У Монахова зашевелились губы, и там, в глубинах старого зеркала, он увидел рябую рожу и ненавистные усы…
Только страх рождает такую ненависть, а с недавних пор его временами тошнило от страха…
Никто не узнает, никто и никогда, как он ненавидел эту братию, эту гнусную большевистскую Кабалу, в которую попал…
По ошибке, по непростительной глупости!
Вон Шаляпин, умница, не застрял, не засиделся и поет на весь мир!.. Правда, у него голос повыше моего, стало быть, другие возможности. А я куплен за гроши… Нашивками и орденами… Посиделками за красным столом!.. Куплен, конечно, но продана одна шкура, только шкура, а душа — свободна и готова лететь!..
И тут в гримерную, едва постучав, закатился директор Шапиро. Не поднимая глаз, он обошел Монахова со спины, сел на диван и поджал губы.
Они помолчали.
— Ну что, Рувим Абрамович? — спокойным и кра-сивым голосом спросил наконец Монахов. — Наша взяла?
— Нет, Николай Федорович, — упрямо сказал Шапиро. — Не наша взяла… Пока!.. Но это еще не конец!.. Я так не оставлю, верьте мне!.. Я пойду к Боярскому, поеду в Москву… А как же!.. Ведь это дичь какая-то!..
И замолчал…
— Ехай, ехай, — по-извозчичьи сказал Монахов с одобрением и холодком. — Но смотри, экономь себя, Шапирузи, тебе еще жить!
Он тянул четыре месяца, Рувим Абрамович Шапиро, он сделал все, что мог, и больше. Он знал, что «Мольер» станет спасением для театра и радостью для Монахова. И перед Булгаковым он был без вины виноват: пятый договор, и все — мимо!.. Наконец ему дали понять, что он излишне горяч, и 14 марта Рувим Абрамович взялся писать письмо…

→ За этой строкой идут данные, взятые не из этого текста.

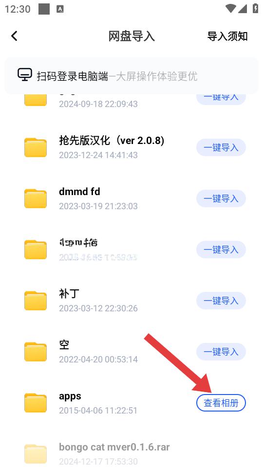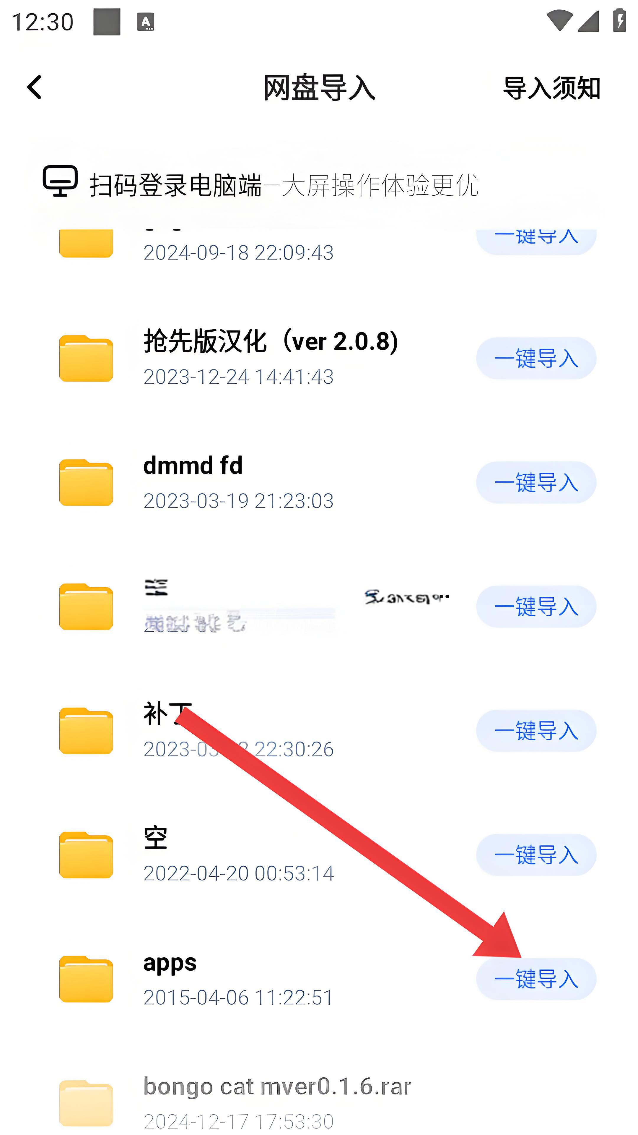 2、在網(wǎng)盤導(dǎo)入頁面,找到需要導(dǎo)入的百度網(wǎng)盤文件夾,點擊其右側(cè)的一鍵導(dǎo)入按鈕。

Беда усугублялась тем, что прочесть его должен был одинокий человек, совсем одинокий, знаете ли…
Любовь Евгеньевна сказала ему недавно: «Ты — не Достоевский!» — и была увлечена скаковыми лошадьми, наездниками…
Забавное совпадение: точно так же ими скоро увлечется жена Монахова…
«Ты — не Достоевский!» — надо же такое придумать! Булгаков бледнел, вспоминая разящую реплику…
От сцены с военным мужем Елены Сергеевны у него сохло в горле.
Шиловский вошел в комнату, пистолет появился на сцене… Они стояли бледные, будто играли дуэль, и муж Елены сказал, что детей не отдаст…
«— Я смалодушествовала, — признавалась Елена Сергеевна, — и я не видела Булгакова 20 месяцев, давши слово, что не приму ни одного письма, не подойду ни разу к телефону, не выйду одна на улицу…»
[39]И она держала свое слово, а он оставался совсем один…ЦГАЛИ, ф. 268, оп. 1, ед. хр. 63.